Morgan v. State

Mississippi Supreme Court
Morgan v. State, 64 Miss. 511 (Miss. 1886)
Cooper

Morgan v. State

Opinion of the Court

Cooper, C. J.,

delivered the opinion of the court.

By § 585 of the Code of 1880, a privilege tax of ten dollars is levied on each livery, feed, or sale stable in towns of less than two thousand inhabitants. On such stables in towns of more than two and less than three thousand inhabitants the tax is fifteen dollars, and so by gradual increase proportionate to the number of the inhabitants the maximum of sixty dollars is reached in towns of over ten thousand population.

The appellant was indicted for keeping such stable without having first paid the tax in the town of Woodville, which, by the *513indictment, is averred to contain “ less than two thousand inhabitants.”

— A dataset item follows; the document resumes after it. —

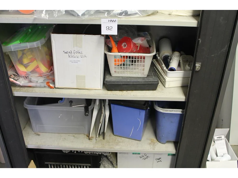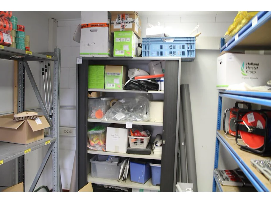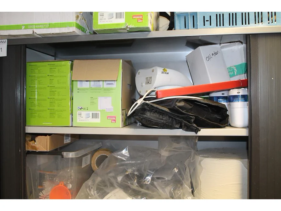 Salvage producten w.o. persoonlijke beschermingsmiddelen, sealproducten, moppen, tape en luchtverfrissers en zuiveraars in kast.
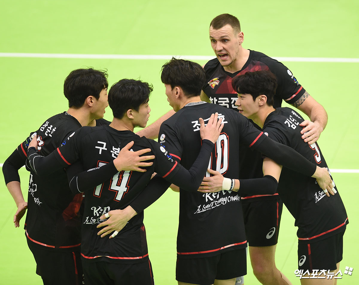 [엑스포츠뉴스 수원, 김한준 기자] 17일 오후 경기도 수원실내체육관에서에서 열린 '도드람 2019-2020 V리그' 남자부 한국전력과 삼성화재의 경기, 한국전력 선수들이 득점에 성공한 후 기뻐하고 있다.

On the trial of the case the defendant proposed to prove the population of the town, but objection was made by the attorney for the State and the evidence was rejected by the court; no proof was made on the subject by the State and the appellant contends that the allegation of population was one of essential description, and because it was not proved as laid there is a fatal variance, for which the conviction must be annulled. The point presented is not free from difficulty, but we think the better construction of the indictment is to consider the allegation of population as anala-gous to allegations of value in indictments for larceny where the extent of the punishment is greater or less according to the value of the thing stolen. In such cases, though value may be said to be in some manner descriptive of the thing stolen, it is very generally held that the value as laid need not be proved where the conviction is for the lowest grade of the offense charged, but that it is sufficient to prove any value calling for the punishment indicated by the indictment. 1 Bishop on Crim. Prac. 488 ; Comm. v. McKenney, 9 Gray 114; Williams v. People, 24 N. Y. 405.

• We judicially know that there is a town in the county of Wilkinson named Woodville and that there is but one. Whatever may have been the population at the time of the offense charged, the appellant was guilty of a violation of the revenue law if he kept a stable of the character named in the indictment. The population is material only as a guide to the court in affixing the punishment, and since the defendant could not be benefited by proof of <a larger population, no harm has been done him by the refusal of the court to permit evidence to be given on that subject.

’ The appellant also contends that the evidence does not show that he kept either a livery, sale, or feed stable. The evidence is that he had a stable at which he exposed a sign, that he let stalls at ten cents per day to those desiring to have their use, and that a person renting a stall could either supply the food for the stock or the defendant would furnish it from his store, charging only its market value; that the stable was locked at night by the defendant and *514■that no stock was permitted to be taken out until both the stall rent and the account for food furnished was paid. This we think was sufficient to show that the stable was a feed stable ” within the meaning of the statute. It is immaterial that food was not kept at the stable, or that it was not furnished unless ordered by the owner of the stock. In truth, the defendant supplied both the stabling and the food for all who applied, and this he could not do without obtaining the privilege license required by law.

The judgment is affirmed.

Reference

Full Case Name
D. B. Morgan v. State
Status
Published
Syllabus
1. Feed Stable. Privilege tax. Averment in indictment as to population of town. Failure to prove. Effect of. Case in judgment. Section 585, Code of 1880, levies a tax of ten dollars on each livery, feed, or sale stable in a town of less than two thousand inhabitants, and a larger tax for a larger town. M. was indicted for keeping such a stable in the town of W. without first having paid this tax. The indictment averred that the population of the town of W. was less than two thousand. On the trial the State failed to show the population of the town, and the court refused to allow the defendant to do so. The defendant, having been convicted, appealed and asks a reversal of the judgment because of the failure of the State to prove the allegation of the indictment as to the population of the town of W. Held, that as the court judicially knows of the existence of the town of W., and the defendant could not have been benefited by proof of a larger population than was alleged, no injury could result to the defendant by the absence of proof as to the population of the town. 2. Same. Keeping of. Evidence to show. Case in judgment. On the trial of the case above stated it was shown that M. had a stable at which he exposed a sign; that he let stalls at ten cents each per day; that persons renting stalls could themselves supply food for their stock, or that M. would furnish it from his store at the market price; that no stock was allowed to be taken out until the charges, both for stall rent and food, had been paid, and that M. locked the stable at night. Held, that the evidence is sufficient to establish that this stable was a “ feed stable” within the meaning of the statute above referred to.